Segment Start: MATERIALS PROVIDED

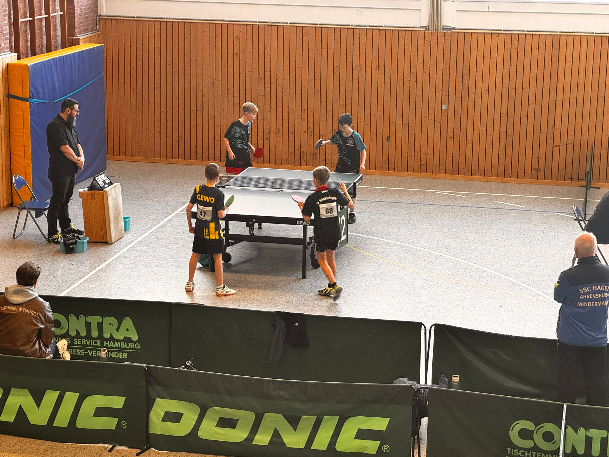 Als Bezirksmeister im Einzel und Doppel starteten Elias Ruck und Piet Willemsen in der Coventry Halle in Kiel bei den Landesmeisterschaften U11. Begleitet von den Eltern Ruck und Björn Willemsen sowie Coach Hannes Schubert gingen unsere Jungs in ihrer jeweiligen 5er Gruppe an den Start. Piet Willemsen belegte den 2. Platz in seiner Gruppe und Elias Ruck belegte den 3. Platz. Beide waren also qualifiziert für die K.O.-Runde.
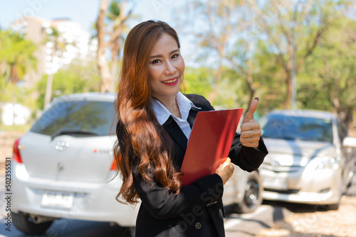Fototapeta premium Asian women are insurance agents holding clipboards and standing in front of...
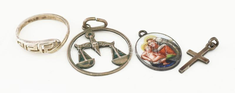 Leírás: Ezüst (Ag) vegyes kegytárgy + ékszer tétel, 4 db, jelzéssel és jelzés nélkül, bruttó: 7,4 g
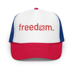 Stand out from the crowd with our patriotic “FREED0M” Trucker Hat, where the “0” is boldly replaced by the Unshakled logo in striking red font. This eye-catching red, white, and blue design makes a powerful statement about digital liberty while showcasing your American spirit.
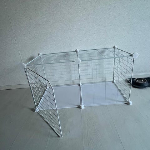Pieneläinten metallinen aitauselementti. Valkoinen metalliverkko, kulmissa muoviset liitososat. Pohjalla kaksi erillistä valkoista alustalevyä. Sopii esimerkiksi pienten lemmikkien, kuten jyrsijöiden, kanien, kissoille ja pienille koirille rajattuun oleskelualueeseen sisätiloissa. Aitauselementissä on avattava sivuosa kulkuaukkoa varten. Helppo kokoaminen ja purkaminen.
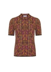 Jacquard Pattern Multicolor Short Sleeve Knit Top
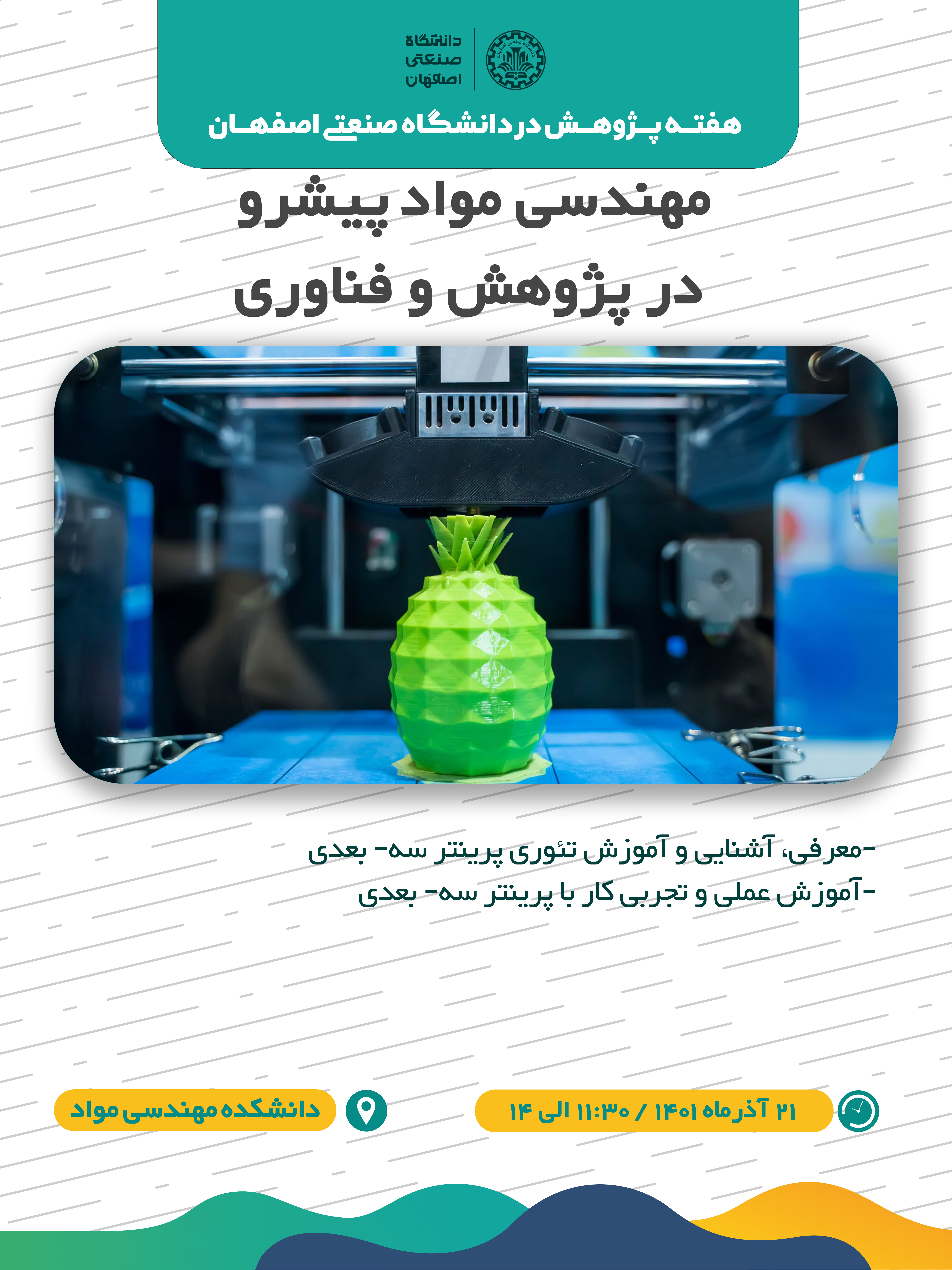 11:30 الی 14آموزش عملی و تجربی کار با پرینتر سه- بعدی ارائه نیازهای فناورانه شرکت سهامی ذوب آهن 22 آذرماه 1401
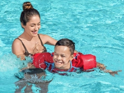 Η αφρώδης πλήρωση σε συνδυασμό με τα μανίκια και το θωρακικό πάνελ υποστηρίζει τη σταθερότητα στο νερό και δίνει στα παιδιά αυτοπεποίθηση κατά την εξάσκηση των δεξιοτήτων κολύμβησης.
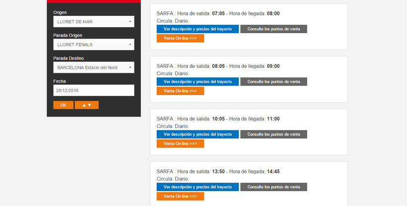 А вот так выглядит расписание автобусов из Ллорет Де Мар до Барселоны.
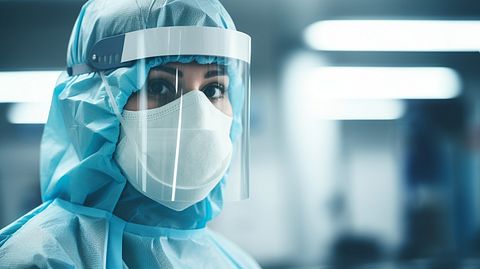 A hospital worker in full protective gear demonstrating the companies infection prevention solutions.
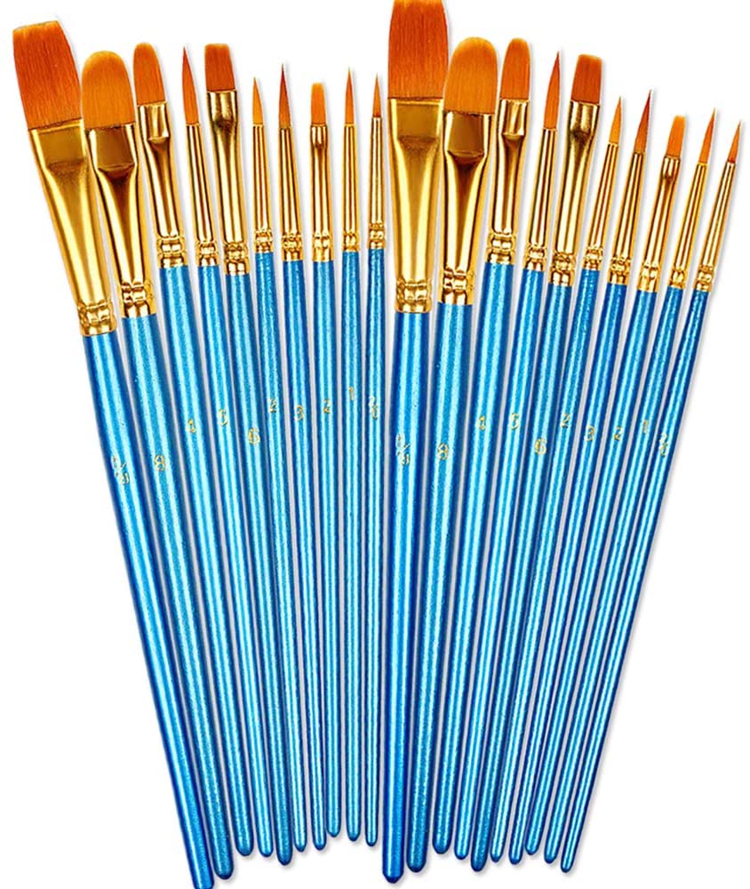 BOSOBO Paint Brushes Set, 2 Pack 20 Pcs Round Pointed Tip Paintbrushes Nylon Hair Artist Acrylic Paint Brushes for Acrylic Oil Watercolor, Face Nail Art
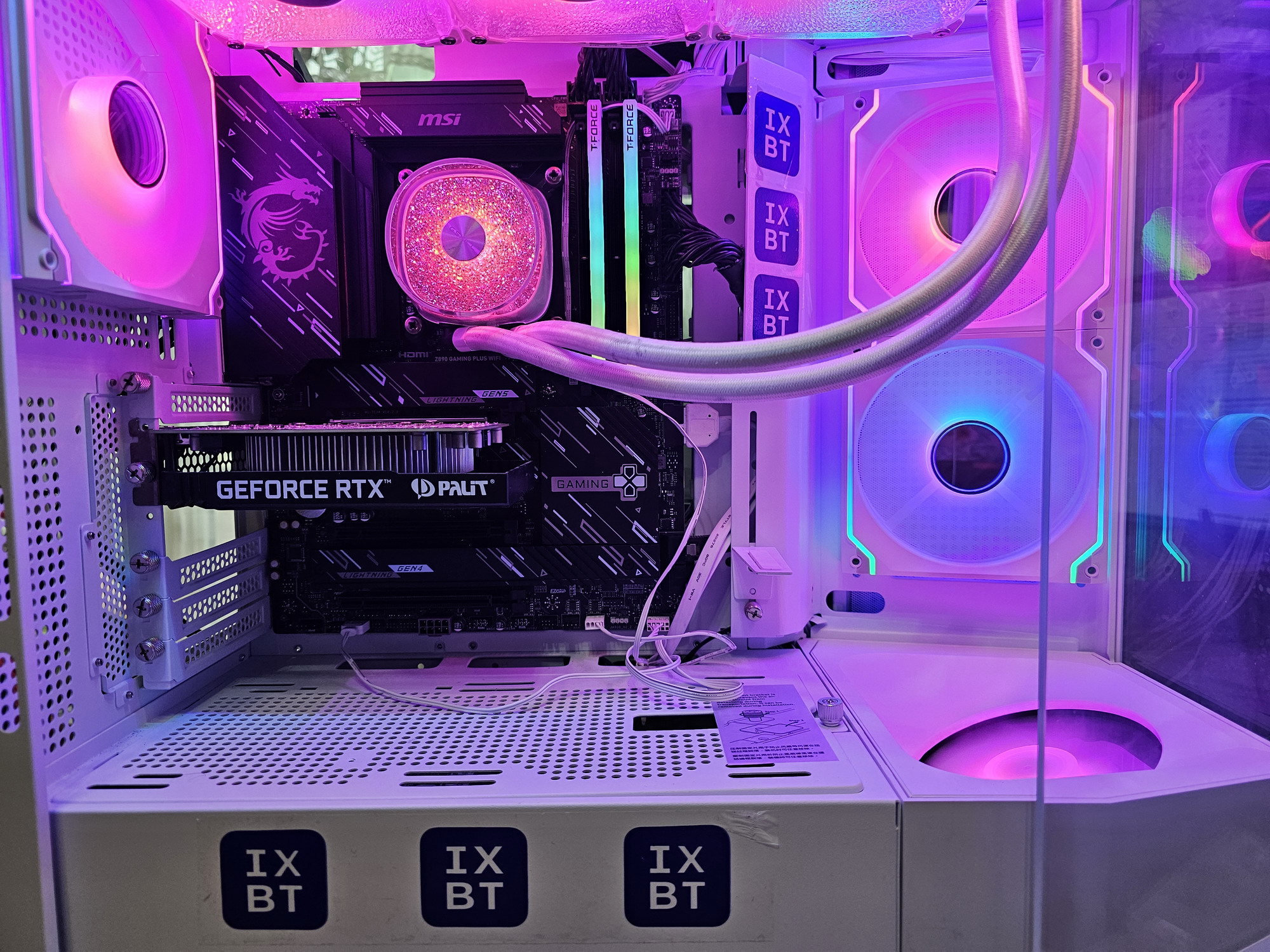 В арсенале платы также есть 4 порта SATA и 7 разъемов для вентиляторов. Система питания процессора относительно мощная, способная обеспечить работу любых совместимых процессоров с приличным и уже традиционным запасом на разгон. Плата имеет грамотную систему охлаждения каждого потенциально греющегося элемента, включая накопители в слотах M.2. Сетевые возможности включают скоростной проводной контроллер 5 Гбит/с и один самый современный беспроводной — Wi-Fi 7 + Bluetooth 5.4. В числе плюсов платы можно упомянуть широкие возможности для подключения дополнительных RGB-устройств.
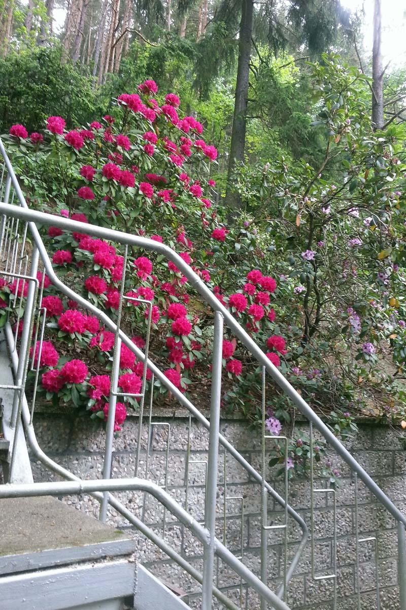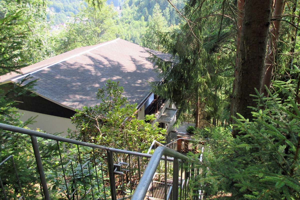 Aufgrund der Hanglage ist das Ferienhaus über eine relativ steile Eisentreppe erreichbar.
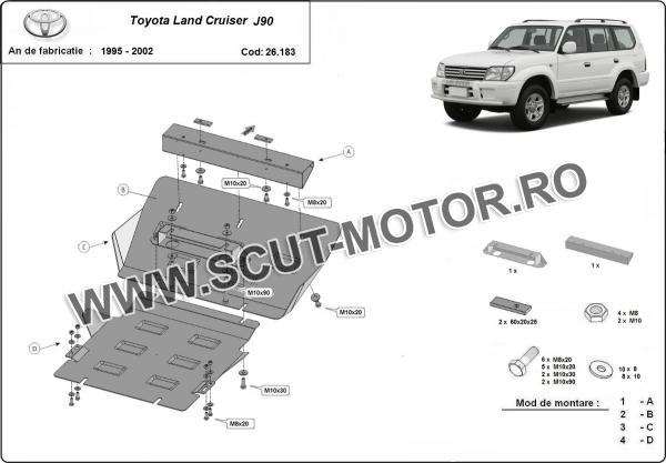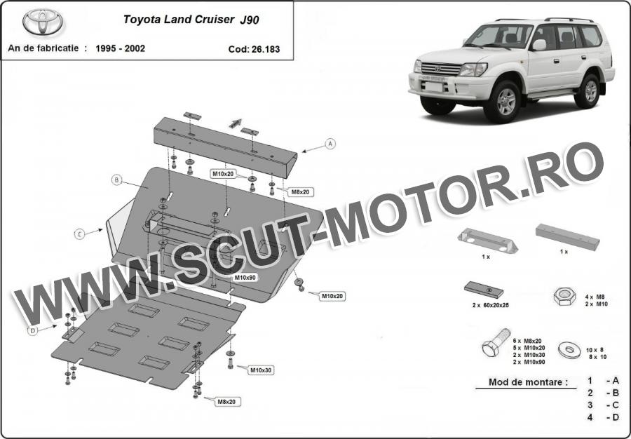 Scutul este noua si se potriveste perfect pentru toate tipurile de motorizare Toyota Land Cruiser J100 fabricat între ani 1995 - 2002. Scutul protejeazã: motor, radiator, bara față.

Segment End: MATERIALS PROVIDED

### PROBLEM TO SOLVE
All that is wanted is an exact copy of the lines from the line bearing "11:30 الی 14آموزش" through the final line of the entries, including both ends but no pictures.

### ANSWER TO THIS PROBLEM
 11:30 الی 14آموزش عملی و تجربی کار با پرینتر سه- بعدی ارائه نیازهای فناورانه شرکت سهامی ذوب آهن 22 آذرماه 1401
 Η αφρώδης πλήρωση σε συνδυασμό με τα μανίκια και το θωρακικό πάνελ υποστηρίζει τη σταθερότητα στο νερό και δίνει στα παιδιά αυτοπεποίθηση κατά την εξάσκηση των δεξιοτήτων κολύμβησης.
 А вот так выглядит расписание автобусов из Ллорет Де Мар до Барселоны.
 A hospital worker in full protective gear demonstrating the companies infection prevention solutions.
 BOSOBO Paint Brushes Set, 2 Pack 20 Pcs Round Pointed Tip Paintbrushes Nylon Hair Artist Acrylic Paint Brushes for Acrylic Oil Watercolor, Face Nail Art
 В арсенале платы также есть 4 порта SATA и 7 разъемов для вентиляторов. Система питания процессора относительно мощная, способная обеспечить работу любых совместимых процессоров с приличным и уже традиционным запасом на разгон. Плата имеет грамотную систему охлаждения каждого потенциально греющегося элемента, включая накопители в слотах M.2. Сетевые возможности включают скоростной проводной контроллер 5 Гбит/с и один самый современный беспроводной — Wi-Fi 7 + Bluetooth 5.4. В числе плюсов платы можно упомянуть широкие возможности для подключения дополнительных RGB-устройств.
 Aufgrund der Hanglage ist das Ferienhaus über eine relativ steile Eisentreppe erreichbar.
 Scutul este noua si se potriveste perfect pentru toate tipurile de motorizare Toyota Land Cruiser J100 fabricat între ani 1995 - 2002. Scutul protejeazã: motor, radiator, bara față.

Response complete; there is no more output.